Sono solo il mosaico fatto dalle impronte che mi hanno scorsa. E percorsa. Soffi. Carezze. Graffi. Solchi. Giri di parole. Una macchia che si apre e stringe. E si adagia e poi ritrae. Si tuffa e poi riemerge. Nella anima. La fonte nel centro di noi. Una fontana rossa. E la morde. Sono il gioco delle ombre che divorano le figure. E delle immagini che strappano i lembi delle ombre. Come fili di una stoffa sgranata. Sono la soglia di un campo sconsacrato. Dove c'è una fede sincera e primitiva. E il bene calpesta il male. Con i suoi passi incerti. Nel buio l'anima è una lama. Cospira contro la carne. E sceglie vene. Vi strofina il suo gelo. E le lascia prostrate. In attesa del veleno che sappia redimerle.
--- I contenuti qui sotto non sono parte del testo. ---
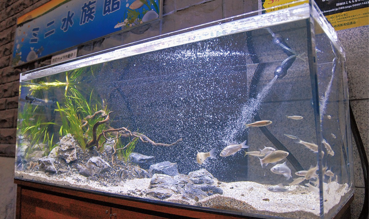 これらの水槽を手掛けたのは、熱帯魚や水草を取り扱う地元企業のリキジャパン(布田)。同社の菅原茂さんは「皆さんに楽しんでもらえるようセッティングした。こんな魚も住んでいるんだと、子どもたちに分かってもらえたら」と思いを話していた。

Sono una insalata perversa di carne e luce. E fiori silenziosi. Colati a picco dentro il corpo. Come rimmel sbavato nelle pupille. Nella prigione delle infinite possibilità. In attesa dell'amo che sappia estrarle dalle certezze. Potrei fingere di non avere un viso. Dove i miei occhi lasciano scivolare ogni emozione. Come dentro un labirinto. Di non avere labbra capaci di incastrare parole e sorrisi. Di non essere voce che si asciuga sul palmo. Voce da soffiare come polline. E come desideri da affidare all'aria. Affinchè sappia custodirli. Sono l'incastro immondo tra le tessere smarrite.
E quello che lascio vedere.
Un gioco.
E invoco redenzione liquida.
Dentro cui nuotare.
E poi arrendermi.
E annegare.
Con le mie lacrime spente disegnerò un arcobaleno.